Challenges in Digitization and International Cooperation

Digitization efforts, not only at DWD, have been ongoing for decades in different projects (Allan et al., 2021). Consequently, the different data archive contents are fragmented, e.g., some documents were only partly digitized, or the database entries originate from different phases of digitization activities. For other datasets, the links to the respective metadata records have been lost over time. In the course of data exchange programs, some data has been duplicated in several archives. Hence, a further challenge, in addition to the integration of newly digitized data, is the consolidation and homogenization of these existing data archives.

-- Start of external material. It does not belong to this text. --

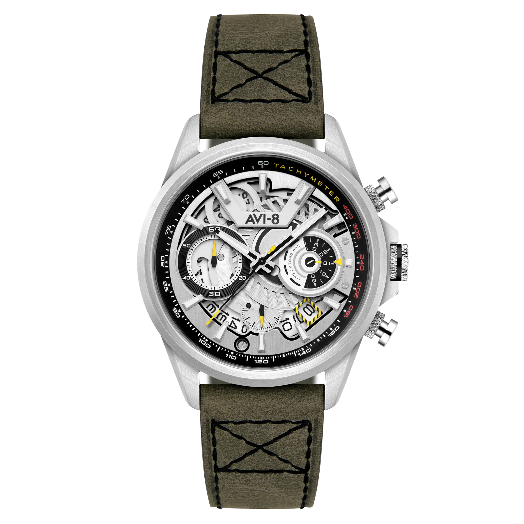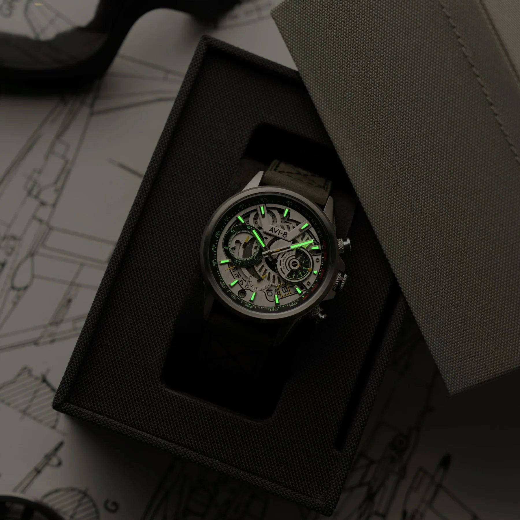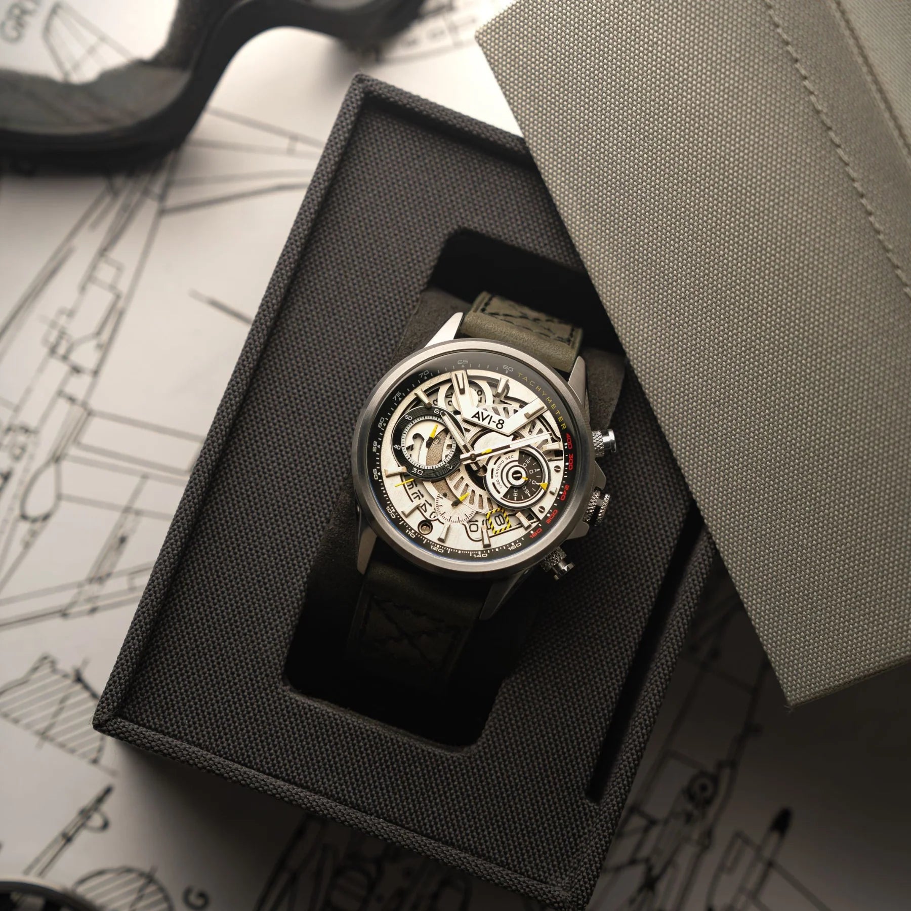 O fundo da caixa do Matador Chronograph evoca a turbina do motor Pegasus, levando o poderoso legado do jato Harrier diretamente para o seu pulso.

The digitization effort of DWD still relies mostly on keying the observations by hand. Old German handwriting and varying data sheet layouts are still a challenge for automatic text recognition systems, which may be overcome by new techniques in the future, with the potential to significantly speed up the transcription process. However, the (meta)data management of the rescued data, as well as the handling and scanning of the old and fragile documents will continue to require a lot of careful work to create modern data sets of high quality from these valuable historical data sources (see also Allan et al., 2021 for further examples).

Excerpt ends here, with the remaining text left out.